L'Irlande adopte une loi interdisant les marchandises des colonies israéliennes, mais exclut les services face aux critiques de l'opposition
Le Dáil a approuvé une loi interdisant l'importation de marchandises provenant des colonies israéliennes dans les territoires palestiniens occupés, mais le gouvernement a rejeté un amendement de l'opposition visant à étendre l'interdiction aux services.
Contexte
Le projet de loi, intitulé officiellement « Loi de 2026 sur les colonies israéliennes dans le territoire palestinien occupé (interdiction d'importation de marchandises) », trouve son origine dans une proposition de 2018 de la sénatrice indépendante Frances Black. Son projet de loi sur les territoires occupés visait à interdire tout commerce, biens et services, en provenance des colonies israéliennes illégales. Cette relance a pris de l'ampleur après l'avis consultatif de la Cour internationale de justice (CIJ) en juillet 2024, qui concluait que l'occupation israélienne violait le droit international.
- La sénatrice Frances Black rédige le projet de loi sur les territoires occupés, appelant à une interdiction des marchandises et services israéliens en provenance des territoires palestiniens occupés.
- Le projet de loi est adopté par le Dáil et le Seanad, mais le gouvernement émet des réserves sur les aspects juridiques pratiques.
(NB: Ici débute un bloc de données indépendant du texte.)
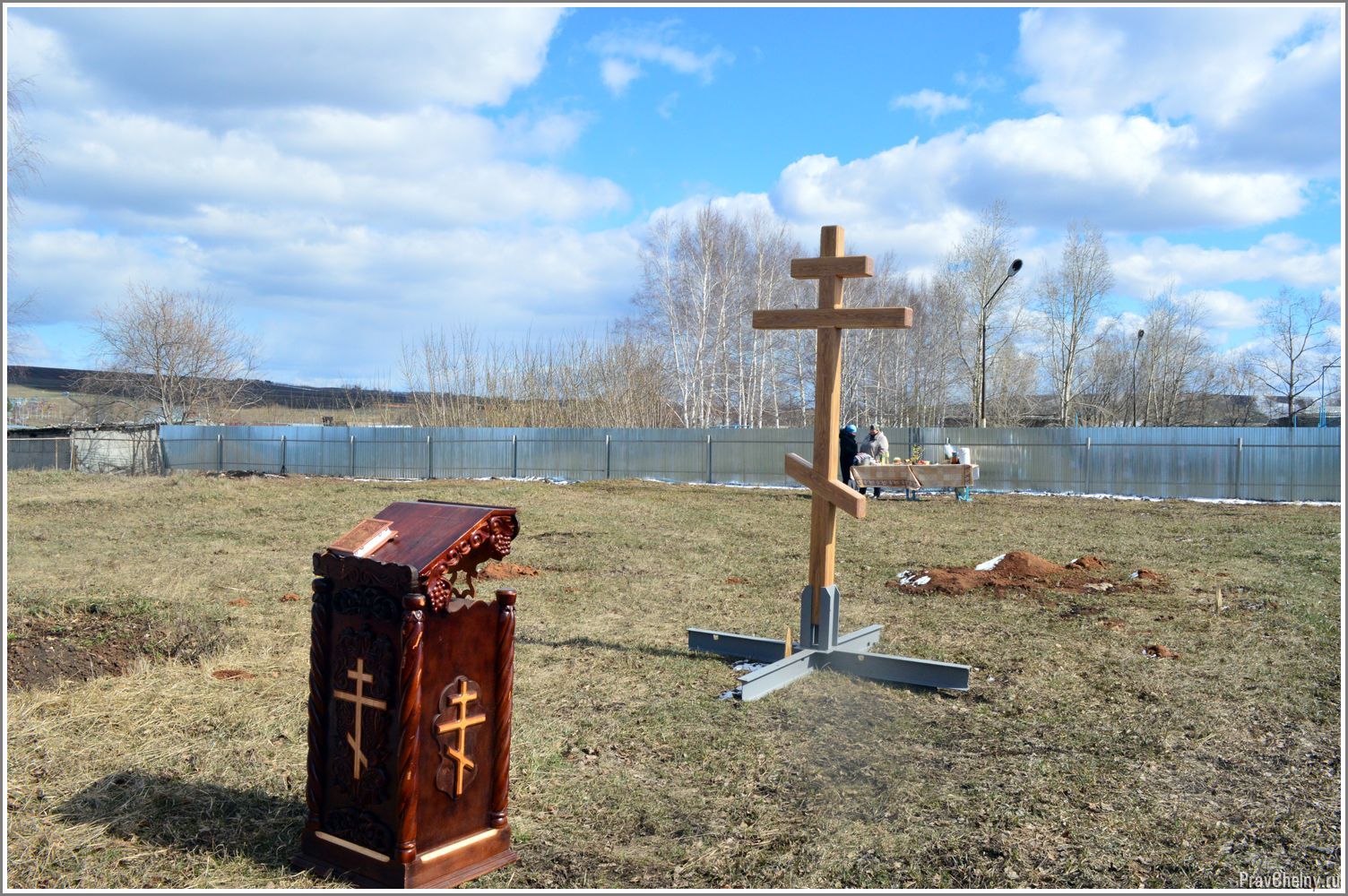 По окончании Божественной литургии священнослужители в сопровождении прихожан храма вышли крестным ходом на место строительства храма. Суббота Светлой Седмицы внесла свои коррективы в чин, и начало его озарилось многократным пением тропаря Пасхи. «Христос воскресе из мертвых, смертию смерть поправ, и сущим во гробех живот даровав», — неслось эхом по улицам села. «Христос Воскрес, — воскреснет и храм», — тихо говорили жители села во время чинопоследования молебна.

- La Cour internationale de justice rend un avis consultatif concluant que l'occupation israélienne viole le droit international.
- Le projet de loi connaît de nouveaux retards dans un contexte d'attention politique accrue après les attaques du 7 octobre et la réponse militaire israélienne.
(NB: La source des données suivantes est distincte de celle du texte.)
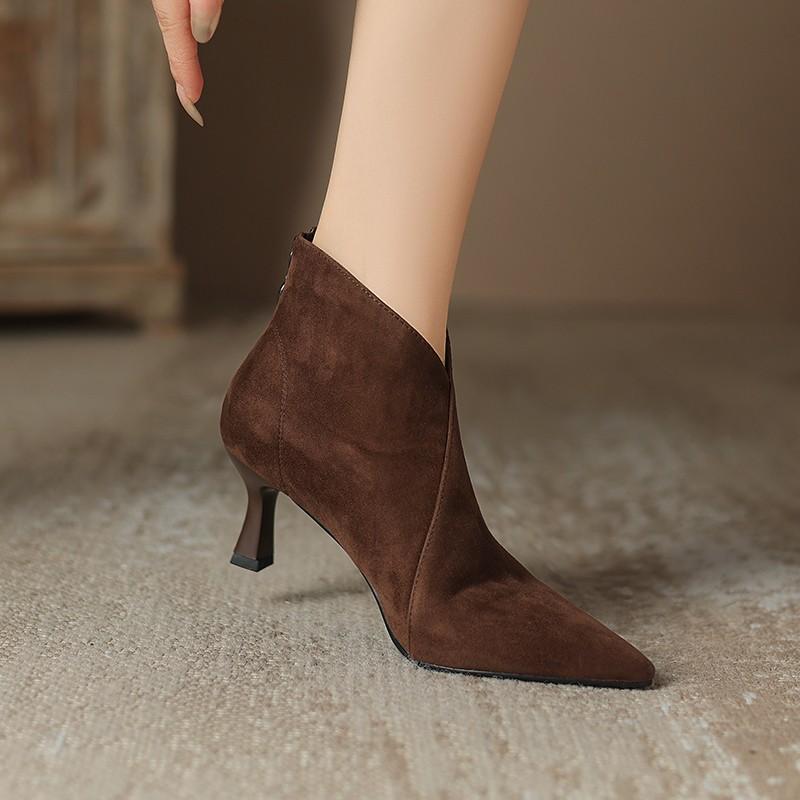 Lyxiga damstövlar vår spetsig tå stilett ankelstövlar mode svart brun dam högklack mocka sidodragkedja stövlar

- Le Dáil adopte le projet de loi du gouvernement interdisant les marchandises des colonies israéliennes ; les services sont exclus.
Ce que fait la loi
La version du gouvernement, adoptée mardi, interdit uniquement l'importation de marchandises en provenance de « certaines colonies israéliennes ». Elle remplace le projet de loi plus large de Frances Black et se présente comme un moyen pour l'Irlande de remplir ses obligations internationales découlant de l'avis de la CIJ. La loi devrait entrer en vigueur avant la pause estivale de l'Oireachtas, le 16 juillet.
Débat sur l'exclusion des services
Les partis d'opposition ont estimé que le projet de loi était vidé de sa substance en omettant les services, qui représentent selon eux environ 70 % des échanges. Les amendements visant à inclure les services ont été rejetés. Le député du Sinn Féin Donnchadh Ó Laoghaire a qualifié cette exclusion de « décision politique ». Le député de People Before Profit, Paul Murphy, a accusé le gouvernement de suspendre une politique étrangère indépendante « pour le bénéfice des multinationales américaines et par peur de fâcher Donald Trump ».
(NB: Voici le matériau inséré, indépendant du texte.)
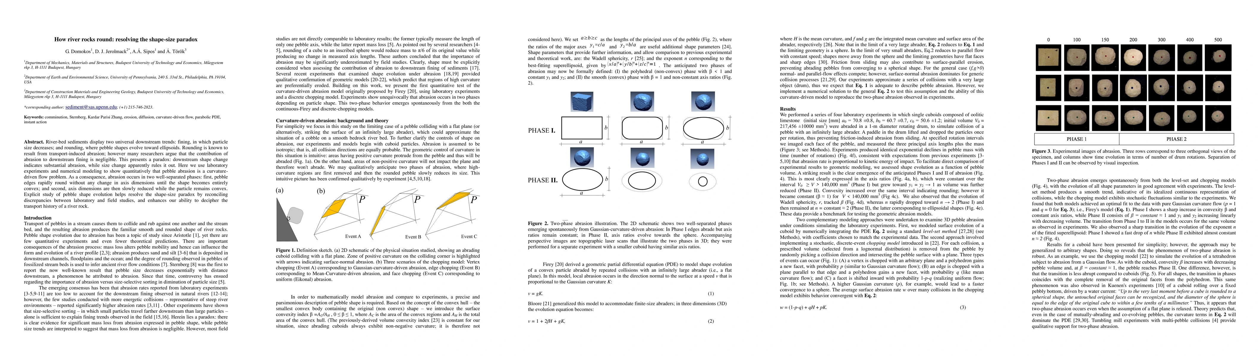 New research resolves the shape-size paradox in river rocks by showing that abrasion occurs in two phases: rapid rounding of edges followed by size reduction, clarifying the relationship between transport-induced changes and particle shape.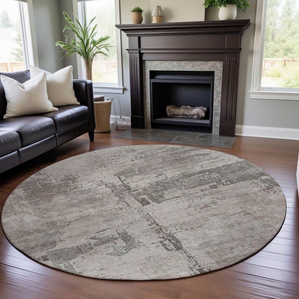 Mayfield Premium Machine Washable Abstract AMF1200 Linen 8 ft. x 8 ft. Round Rug

Nous avons suspendu une politique étrangère indépendante pour le bénéfice des multinationales américaines et par peur de fâcher Donald Trump, c'est ce qui se passe ici.
Le ministre d'État Neale Richmond a défendu le projet de loi, affirmant qu'il « répond pleinement » à l'engagement du programme gouvernemental. Il a qualifié l'idée que la loi soit motivée par des pressions américaines de « théorie du complot » et a prévenu qu'inclure les services rendrait le texte « inapplicable et grandement vulnérable à des contestations judiciaires ».
Le gouvernement a pris une décision suite à l'avis de la CIJ, estimant qu'il y avait une opportunité de s'appuyer sur le bon travail de la sénatrice Black et de présenter un texte législatif qui nous mènera en partie vers cet objectif.
Contexte international
Cette initiative irlandaise est l'une des mesures commerciales les plus ambitieuses d'Europe concernant l'occupation israélienne. Le gouvernement a souligné que la législation européenne crée des « défis énormes » pour l'application d'une interdiction des services et que les États membres doivent identifier le niveau juridique approprié pour agir. Des discussions similaires sont en cours au niveau de l'UE concernant l'accord de partenariat UE-Israël.
Prochaines étapes
Le projet de loi étant désormais à l'étape du rapport et de la finale au Dáil et au Seanad, il devrait être promulgué avant la pause estivale. La ministre des Affaires étrangères, Helen McEntee, a été en contact avec le procureur général, Rossa Fanning, pour garantir la solidité juridique du texte.